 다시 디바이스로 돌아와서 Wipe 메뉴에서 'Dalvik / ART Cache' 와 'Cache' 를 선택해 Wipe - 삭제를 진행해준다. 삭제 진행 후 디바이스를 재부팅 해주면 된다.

==

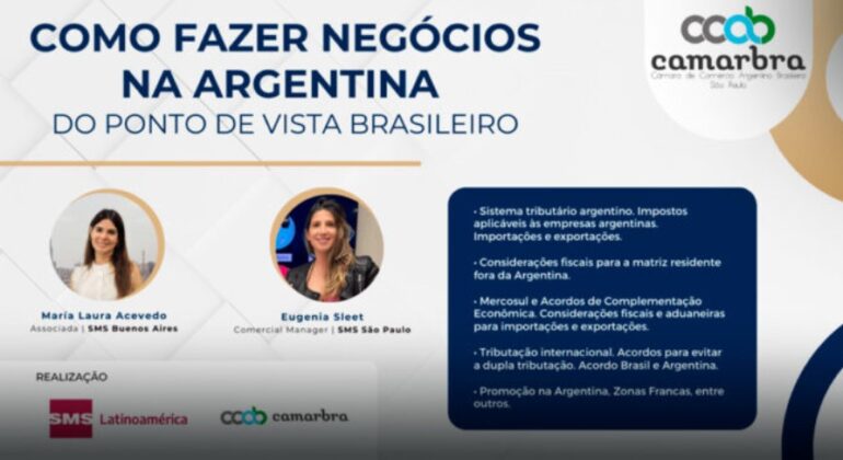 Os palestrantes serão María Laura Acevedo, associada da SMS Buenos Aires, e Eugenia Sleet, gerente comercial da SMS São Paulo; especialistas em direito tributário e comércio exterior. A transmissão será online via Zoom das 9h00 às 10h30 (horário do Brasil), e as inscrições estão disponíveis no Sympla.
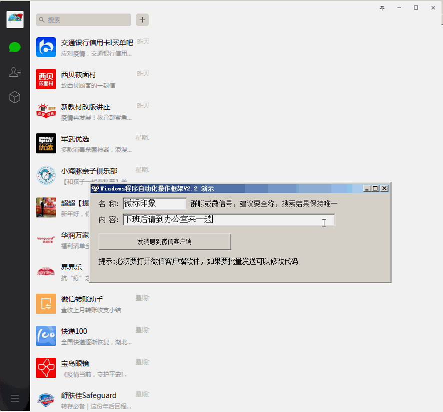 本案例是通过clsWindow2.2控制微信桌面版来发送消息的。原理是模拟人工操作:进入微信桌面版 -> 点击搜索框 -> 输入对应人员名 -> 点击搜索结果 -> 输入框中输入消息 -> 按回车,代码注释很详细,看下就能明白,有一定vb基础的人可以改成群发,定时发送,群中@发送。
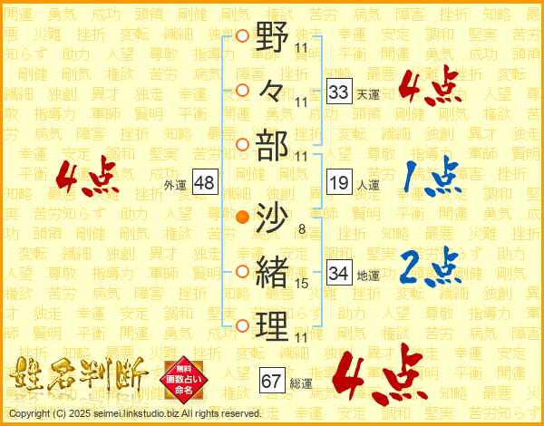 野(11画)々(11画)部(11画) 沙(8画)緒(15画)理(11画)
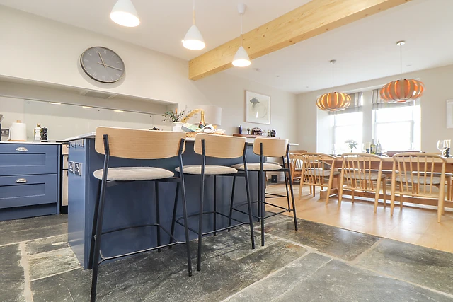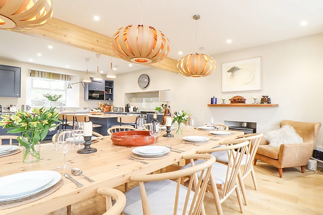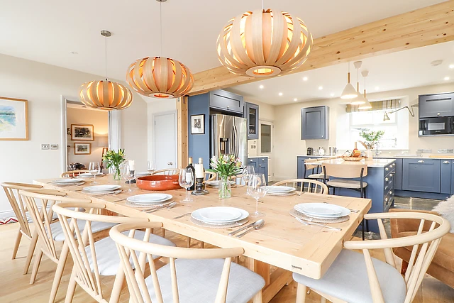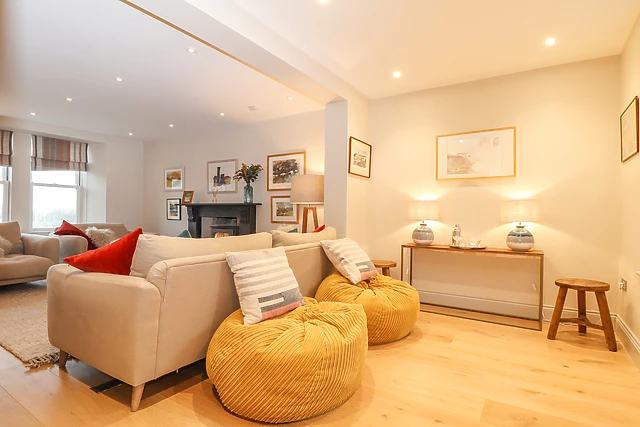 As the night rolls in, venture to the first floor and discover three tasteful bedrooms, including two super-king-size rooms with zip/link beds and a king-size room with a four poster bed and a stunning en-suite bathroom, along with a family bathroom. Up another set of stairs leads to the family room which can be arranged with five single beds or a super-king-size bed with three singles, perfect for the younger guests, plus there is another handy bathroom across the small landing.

→ **Exercise objective**: Leaving all pictures out, output exactly the lines of the material above from the line with "本案例是通过clsWindow2.2控制微信桌面版来发送消息的。原理是模拟人工操作:进入微信桌面版 -> 点击搜索框" to the line with "野(11画)々(11画)部(11画) 沙(8画)緒(15画)理(11画)", both included.

→ **Output of the exercise**:
 本案例是通过clsWindow2.2控制微信桌面版来发送消息的。原理是模拟人工操作:进入微信桌面版 -> 点击搜索框 -> 输入对应人员名 -> 点击搜索结果 -> 输入框中输入消息 -> 按回车,代码注释很详细,看下就能明白,有一定vb基础的人可以改成群发,定时发送,群中@发送。
 野(11画)々(11画)部(11画) 沙(8画)緒(15画)理(11画)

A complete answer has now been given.